# Sentiment Analysis on Customer Reviews

This notebook performs sentiment analysis on customer reviews using TF-IDF vectorization and Logistic Regression. We will preprocess the text data, train a model, and evaluate its performance.

## 1. Import Libraries

First, we import the necessary libraries for data processing, vectorization, modeling, and evaluation.

In [None]:
import pandas as pd
import numpy as np
from sklearn.model_selection import train_test_split
from sklearn.feature_extraction.text import TfidfVectorizer
from sklearn.linear_model import LogisticRegression
from sklearn.metrics import classification_report, confusion_matrix
import nltk
from nltk.corpus import stopwords
from nltk.tokenize import word_tokenize
from nltk.stem import WordNetLemmatizer
import re
import warnings
warnings.filterwarnings('ignore')

# Download required NLTK data
nltk.download('punkt')
nltk.download('stopwords')
nltk.download('wordnet')

## 2. Create Sample Dataset

For demonstration, we'll create a sample dataset of customer reviews with binary sentiments (positive=1, negative=0).
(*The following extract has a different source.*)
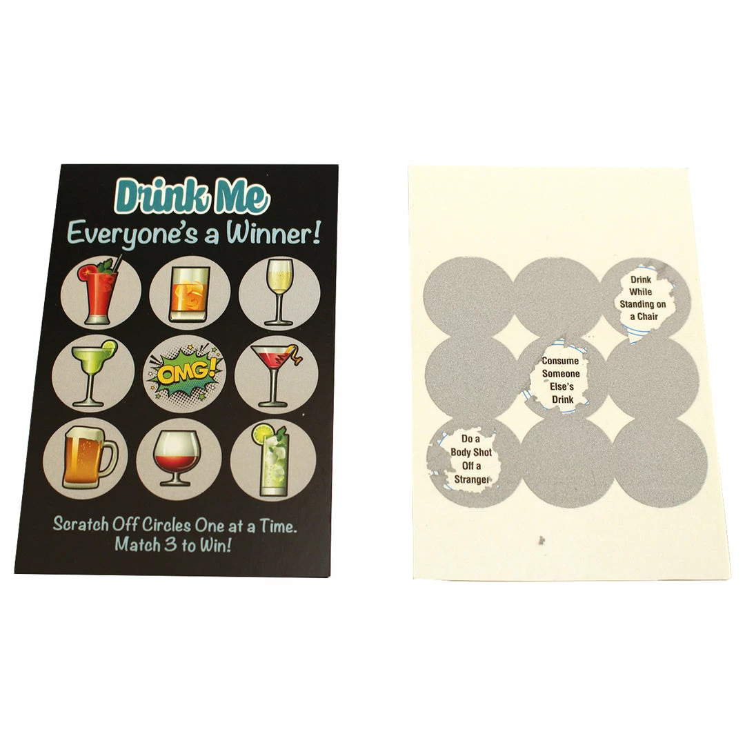 Well, even if you’re not trying to use them as a sort of nicotine gum for gambling addiction, these Drink Me Lotto Tickets are a great game to play at the bachelorette party! Just hand out a ticket to each party guest and scratch the circles off one at a time – whenever someone matches three circles, they win! Of course, this is the best kind of game, because really, everyone wins – after all, each card is full of different ways for you all to get drunk!

In a real scenario, you would load your dataset here.

In [None]:
# Sample dataset
data = {
    'review': [
        'The product is amazing and works perfectly!',
        'Terrible experience, the item broke after one use.',
        'I love this product, highly recommend it!',
        'Very disappointing, poor quality and bad service.',
        'Fantastic purchase, exceeded my expectations!',
        'Not worth the money, stopped working quickly.',
        'Great customer service and fast delivery!',
        'Horrible product, complete waste of money.',
        'Really happy with my purchase, will buy again.',
        'The worst experience I’ve ever had with a product.'
    ],
    'sentiment': [1, 0, 1, 0, 1, 0, 1, 0, 1, 0]
}

df = pd.DataFrame(data)
df.head()

## 3. Text Preprocessing

We preprocess the reviews by converting to lowercase, removing special characters, tokenizing, removing stopwords, and lemmatizing.

In [None]:
stop_words = set(stopwords.words('english'))
lemmatizer = WordNetLemmatizer()

def preprocess_text(text):
    # Convert to lowercase
    text = text.lower()
    # Remove special characters and numbers
    text = re.sub(r'[^a-zA-Z\s]', '', text)
    # Tokenize
    tokens = word_tokenize(text)
    # Remove stopwords and lemmatize
    tokens = [lemmatizer.lemmatize(word) for word in tokens if word not in stop_words]
    return ' '.join(tokens)

# Apply preprocessing
df['cleaned_review'] = df['review'].apply(preprocess_text)
df[['review', 'cleaned_review']].head()

## 4. TF-IDF Vectorization

We convert the cleaned text into numerical features using TF-IDF vectorization.

In [None]:
# Initialize TF-IDF Vectorizer
tfidf = TfidfVectorizer(max_features=1000)

# Transform reviews to TF-IDF features
X = tfidf.fit_transform(df['cleaned_review'])
y = df['sentiment']

# Split data into training and testing sets
X_train, X_test, y_train, y_test = train_test_split(X, y, test_size=0.2, random_state=42)

print(f'Training set shape: {X_train.shape}')
print(f'Testing set shape: {X_test.shape}')

## 5. Train Logistic Regression Model

We train a Logistic Regression model on the TF-IDF features.

In [None]:
# Initialize and train the model
model = LogisticRegression(random_state=42)
model.fit(X_train, y_train)

# Predict on test set
y_pred = model.predict(X_test)

## 6. Evaluate the Model

We evaluate the model using a classification report and confusion matrix.

In [None]:
# Print classification report
print('Classification Report:')
print(classification_report(y_test, y_pred))

# Print confusion matrix
print('Confusion Matrix:')
print(confusion_matrix(y_test, y_pred))

## 7. Predict Sentiment for New Reviews

We demonstrate how to predict sentiment for new reviews.

In [None]:
# Example new reviews
new_reviews = [
    'This product is fantastic and works great!',
    'Awful experience, never buying again.'
]

# Preprocess new reviews
new_reviews_cleaned = [preprocess_text(review) for review in new_reviews]

# Transform using TF-IDF
new_reviews_tfidf = tfidf.transform(new_reviews_cleaned)

# Predict sentiment
predictions = model.predict(new_reviews_tfidf)

# Display results
for review, sentiment in zip(new_reviews, predictions):
    print(f'Review: {review}')
    print(f'Predicted Sentiment: {"Positive" if sentiment == 1 else "Negative"}\n')

## 8. Conclusion

This notebook demonstrated sentiment analysis using TF-IDF vectorization and Logistic Regression. The preprocessing steps cleaned the text data, the TF-IDF vectorizer converted text to numerical features, and the Logistic Regression model classified sentiments. The model was evaluated using standard metrics, and we showed how to predict sentiments for new reviews.